Our model RW-HDP is based on random walks and nonparametric Bayesian modeling mentioned above. We first conduct random walks on the network. Each node is treated as a word, and each random walk is treated as a document. Using random walks as the input data, we fit the HDP topic model to reveal community structure. For fast model inference (posterior approximation), we use Stochastic Variational Inference [1].

Our model has many merits:

  • By equipping a probabilistic model to the random walks, we obtain a better interpretation than other methods.

  • HDP, a nonparametric Bayesian model, can automatically determine the number of communities and, if necessary, automatically increase the number of communities when new data are observed.

  • The random walk part can be parallelized which ensures that our method can be time efficient.

  • The posterior approximation part can easily be extended to an online learning scenario where random walks are not generated at once but keep streaming.

The rest of the paper is organized as follows.
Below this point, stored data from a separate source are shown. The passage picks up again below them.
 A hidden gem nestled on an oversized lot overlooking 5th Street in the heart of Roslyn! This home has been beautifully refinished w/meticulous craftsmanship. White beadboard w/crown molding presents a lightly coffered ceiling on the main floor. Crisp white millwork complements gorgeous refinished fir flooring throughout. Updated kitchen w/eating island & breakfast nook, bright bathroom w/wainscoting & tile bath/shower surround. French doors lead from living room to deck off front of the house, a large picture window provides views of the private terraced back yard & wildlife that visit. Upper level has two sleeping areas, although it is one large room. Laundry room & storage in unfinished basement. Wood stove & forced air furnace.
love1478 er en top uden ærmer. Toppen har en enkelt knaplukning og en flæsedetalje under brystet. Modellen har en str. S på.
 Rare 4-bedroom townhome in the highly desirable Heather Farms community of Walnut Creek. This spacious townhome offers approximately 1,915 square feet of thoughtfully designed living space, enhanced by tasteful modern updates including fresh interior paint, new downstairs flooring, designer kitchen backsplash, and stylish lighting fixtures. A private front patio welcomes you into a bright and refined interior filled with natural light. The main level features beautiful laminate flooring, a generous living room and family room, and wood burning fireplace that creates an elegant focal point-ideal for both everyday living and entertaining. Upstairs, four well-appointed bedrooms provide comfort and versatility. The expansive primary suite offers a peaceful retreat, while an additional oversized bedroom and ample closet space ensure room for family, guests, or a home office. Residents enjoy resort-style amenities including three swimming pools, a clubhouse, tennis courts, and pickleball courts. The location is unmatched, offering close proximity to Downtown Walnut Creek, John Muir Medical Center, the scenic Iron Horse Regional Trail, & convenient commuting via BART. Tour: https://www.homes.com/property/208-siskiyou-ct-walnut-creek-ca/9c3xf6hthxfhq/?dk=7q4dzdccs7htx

In section 2 we introduce the related works. In section 3, we describe our method in details. In section 4, we outline the experimental studies and compare our method to others. In section 5, we close with a conclusion and a discussion of possible future works.

2 Background and Related Works

Community detection in complex networks has been receiving a lot of attentions during the past decades. A large number of methods have been proposed for this problem. For example, centrality or betweenness based approaches and minimum cut methods are two of the most popular and rich tactics [15], [16], [17], [18], [19], [20].

While being less popular, other works such as random walk based methods also enrich the research in this field. Pons and Latapy [5] introduced a measure of similarity between nodes based on random walks. Rosvall and Bergstrom [6]

utilized the probability flow of random walks on a network as a proxy for information flows to reveal community structure. Perozzi, AI-Rfou, and Skiena

[4]

conducted random walks on a network, and treated them as sentences, later they used Natural Language Processing techniques to map the nodes into a Euclidean space for various tasks including clustering analysis.


LDA topic model proposed by Blei, et al [13] has been applied in many domains such as document modeling [13], image processing [22], information retrieval [21] and the list goes on. Zhang, et al [2] developed a method for network community detection based on LDA. In their model, a social interaction profile was treated as a document and LDA was smoothly fitted into the community detection task, where communities were treated as topics.

Nonparametric Bayesian models are becoming popular these days due to their flexibility [7], [25] and new posterior inference methods such as Variational Inference [23], [24]. Teh, Jordan, Beal, and Blei [14] extended the Dirichlet Process to the Hierarchical Dirichlet Process which can also be viewed as an extension of LDA model. Hoffman, Blei, Wang, and Paisley [1] developed the Stochastic Variational Inference for several non-parametric Bayesian models including HDP. In social network research, Morup and Schmidt [12], [11] formulated a non-parametric Bayesian community generative model for social network analysis. Kim, Gopalan, Blei, and Sudderth [22] proposed the hierarchical Dirichlet process relational model which allowed nodes to have mixed membership in an unbounded set of communities. Guo and Nordman [9] introduced a series of Bayesian nonparametric statistical models for community detection. Blundell and Teh [8] proposed an efficient Bayesian nonparametric model for discovering hierarchical community structure in social networks.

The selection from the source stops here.